4.6. Determination of the Infectious Titer of the Virus in the Lungs
On day 5 after infection, hamsters in each group were euthanized under anesthesia and the lungs were removed under sterile conditions. After washing three times in a solution of 0.01 M PBS, the right lung was placed in a formaldehyde solution for histological examination (experiment 1). The left lung was homogenized and resuspended in 1 mL of cold sterile PBS solution. The suspension was cleared of cell debris by centrifugation at 2000× g for 10 min, and the supernatant was used to determine the infectious titer of the virus in cell culture.
To determine the infectious titer of the virus in hamster lungs, Vero CCL-81 cells were seeded in 96-well Costar plates with an average density of 20,000 cells per well and grown in DMEM with the addition of 5% fetal bovine serum, 10 mM glutamine and antibiotics (penicillin 100 IU/mL and streptomycin 100 µg/mL) until a complete monolayer was formed (within 3 days).

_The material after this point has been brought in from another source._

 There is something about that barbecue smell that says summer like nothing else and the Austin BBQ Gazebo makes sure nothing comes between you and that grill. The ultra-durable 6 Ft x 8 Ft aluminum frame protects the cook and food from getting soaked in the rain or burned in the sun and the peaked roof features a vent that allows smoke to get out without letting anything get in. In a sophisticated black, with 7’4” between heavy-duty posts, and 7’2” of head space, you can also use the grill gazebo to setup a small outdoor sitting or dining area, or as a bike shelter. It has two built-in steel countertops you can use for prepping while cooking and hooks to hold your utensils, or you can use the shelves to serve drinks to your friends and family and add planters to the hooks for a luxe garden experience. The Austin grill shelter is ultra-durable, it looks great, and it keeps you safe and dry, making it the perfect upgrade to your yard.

Before virus infection, the cell culture was washed 2 times with DMEM without serum. We prepared 10-fold dilutions of each virus sample from the lungs from 10−1 to 10−7. The prepared dilutions in a volume of 200 μL were added to cell culture plates and incubated in an atmosphere of 5% CO2 at 37 °C for 5 days until the cytopathic effect (CPE) appeared in viral control cells. The result of the manifestation of CPE in cells was taken into account using the quantitative MTT test. The virus titer was calculated using the Ramakrishnan M.A formula in Excel and expressed in lgTCID50/mL. The average titer value was calculated for samples from hamsters of one group. Suppression of a viral titer twice or more lgTCID50/mL was considered reliable.

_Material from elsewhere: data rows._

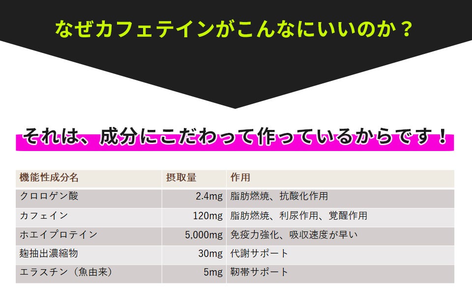 製品化する中で、機能性成分を他にもとれるようにしたいと思い、クロロゲン酸・カフェイン・ホエイプロテイン・酵素・エラスチンを配合させて頂きました。
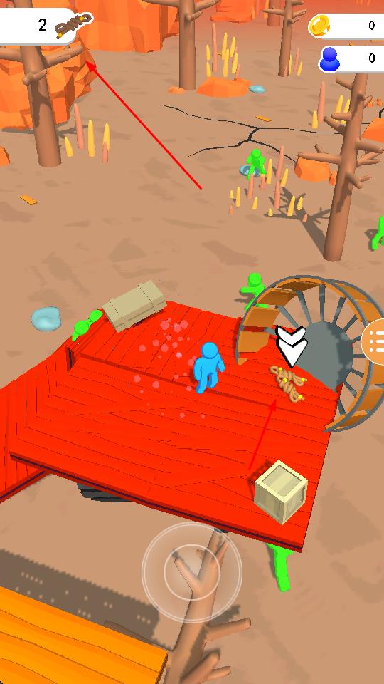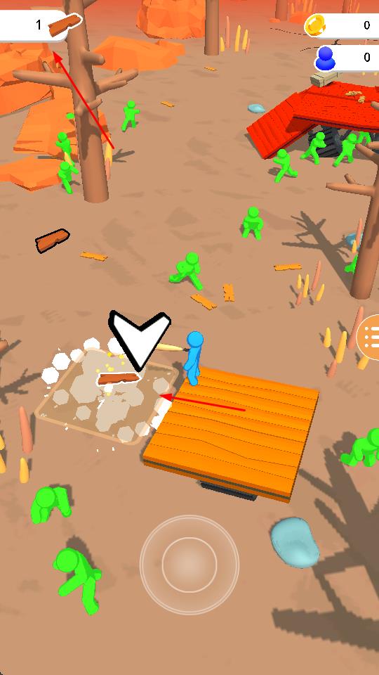 1、操控蓝色火柴人移动,沿箭头指引收集物资(木材、道具),避开绿色敌人。
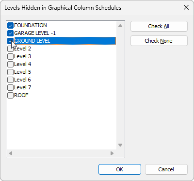 Note: In order for a level to be displayed in the Graphical Column Schedule, it must be left unchecked, and be within the Top/Bottom Level constraints of the Graphical Column Schedule view. For more information on Top/Bottom Level constraints, see
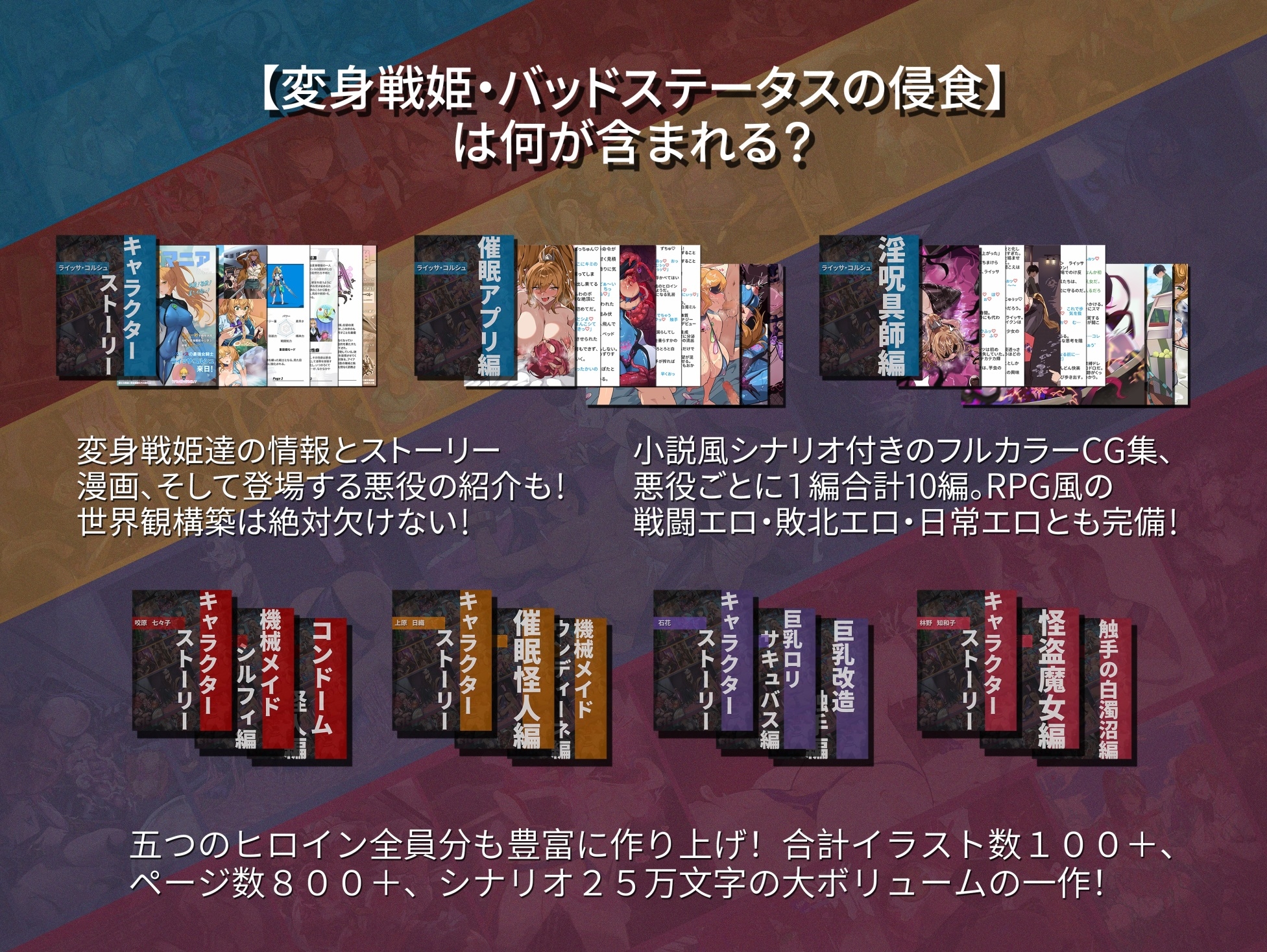 トラウマ、スケベな後遺症、異常体質など、様々なバッドステータス(バステ・バッドステート)が少女たちの戦いを、またその後に待つ日常をピンク色に彩ります。
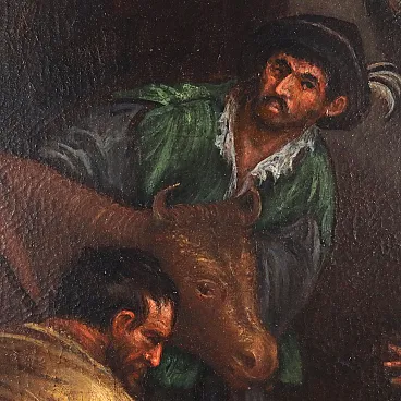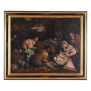 Anche in questo dipinto la Sacra Famiglia non caratterizza la centralità della scena, ma è uno dei due gruppi di umanissime figure che occupa la parte destra della scena, mentre a sinistra campeggia il gruppo di pastori con gli animali della campagna e i semplici oggetti della vita quotidiana.
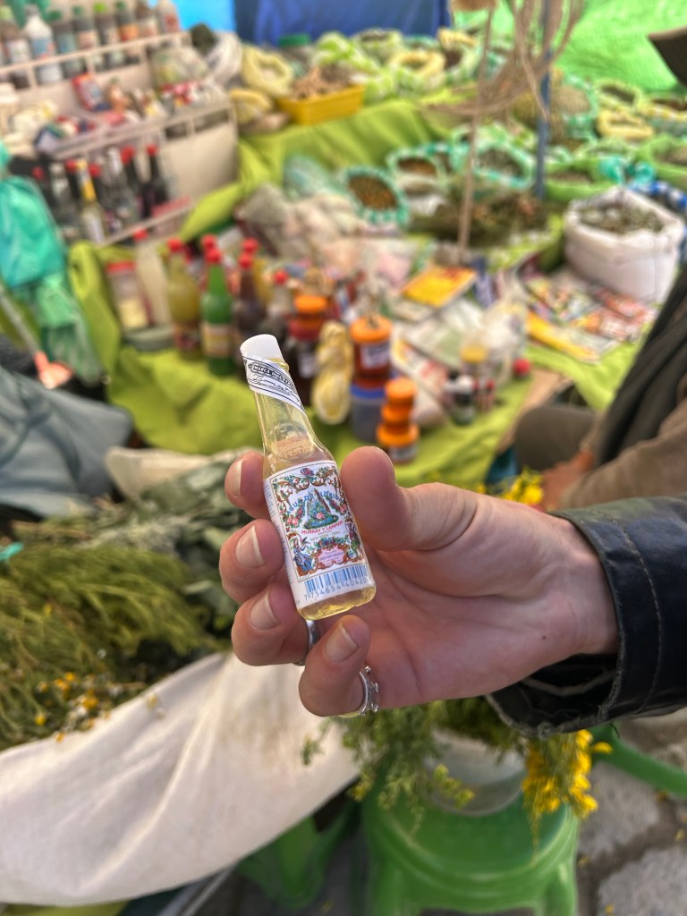Op onze laatste dag voor vertrek is er een extra grote markt door de stad. We kopen timolina, een alcohol-achtige vloeistof in een piepklein flesje. Volgens de Peruanen van onze tour is het een wondermiddel tegen hoofdpijn, en inderdaad! Na twee druppels op de slapen te hebben gedept verdwijnt de hoofdpijn als sneeuw voor de zon!

4.7. Neutralization Reaction
Blood from euthanized animals was collected in tubes without an anticoagulant. To form a clot, blood samples were kept in a thermostat at 37 °C for 30 min. After cutting off the serum, the blood was centrifuged two times for 15 min at 2000× g. The serum was collected and used to perform a neutralization reaction in cell culture. Each serum from each hamster was tested individually.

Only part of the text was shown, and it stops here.